> [Prompt]:
Leave the pictures out, and repeat exactly every line from the one with "ウエストゴム仕様で履きやすく" through the end of the data below.

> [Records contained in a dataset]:
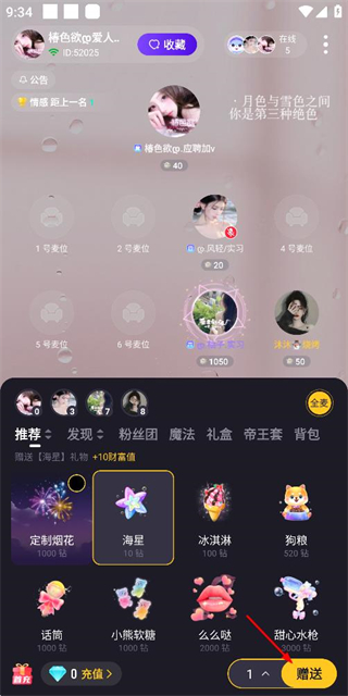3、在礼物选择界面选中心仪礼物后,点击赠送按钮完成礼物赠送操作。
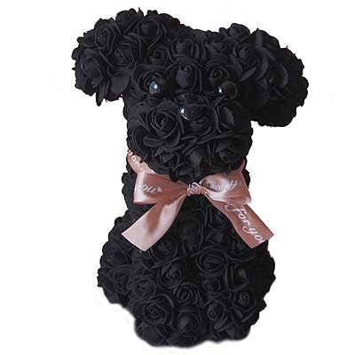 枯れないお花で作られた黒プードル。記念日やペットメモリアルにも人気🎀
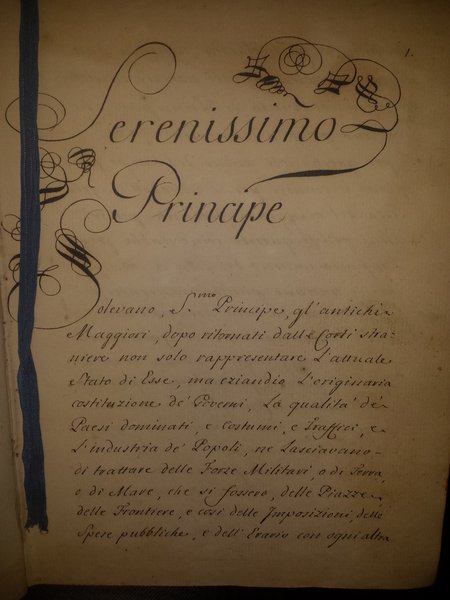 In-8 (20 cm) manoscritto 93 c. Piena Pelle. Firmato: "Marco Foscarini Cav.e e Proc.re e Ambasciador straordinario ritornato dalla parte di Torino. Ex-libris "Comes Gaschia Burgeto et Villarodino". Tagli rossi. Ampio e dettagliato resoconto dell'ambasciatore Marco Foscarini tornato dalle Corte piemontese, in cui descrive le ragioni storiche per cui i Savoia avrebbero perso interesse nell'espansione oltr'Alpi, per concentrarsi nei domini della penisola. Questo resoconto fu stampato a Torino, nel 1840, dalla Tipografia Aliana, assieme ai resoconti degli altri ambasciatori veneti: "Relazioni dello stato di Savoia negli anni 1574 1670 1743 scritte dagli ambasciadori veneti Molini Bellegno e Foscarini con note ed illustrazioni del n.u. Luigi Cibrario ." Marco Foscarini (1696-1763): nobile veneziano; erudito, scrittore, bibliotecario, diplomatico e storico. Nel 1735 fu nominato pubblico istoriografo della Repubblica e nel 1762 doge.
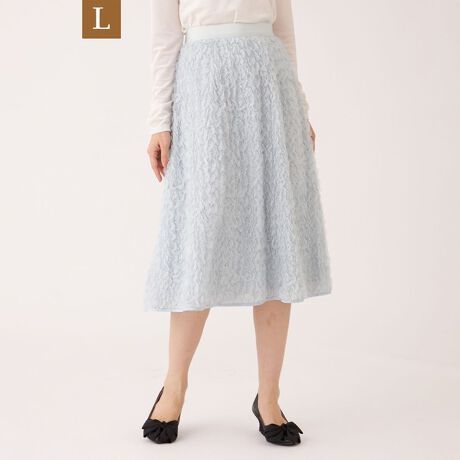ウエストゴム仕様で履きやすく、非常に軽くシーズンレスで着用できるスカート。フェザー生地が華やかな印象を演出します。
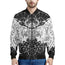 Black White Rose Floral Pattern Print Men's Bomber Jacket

> [Exercise solution]:
ウエストゴム仕様で履きやすく、非常に軽くシーズンレスで着用できるスカート。フェザー生地が華やかな印象を演出します。
 Black White Rose Floral Pattern Print Men's Bomber Jacket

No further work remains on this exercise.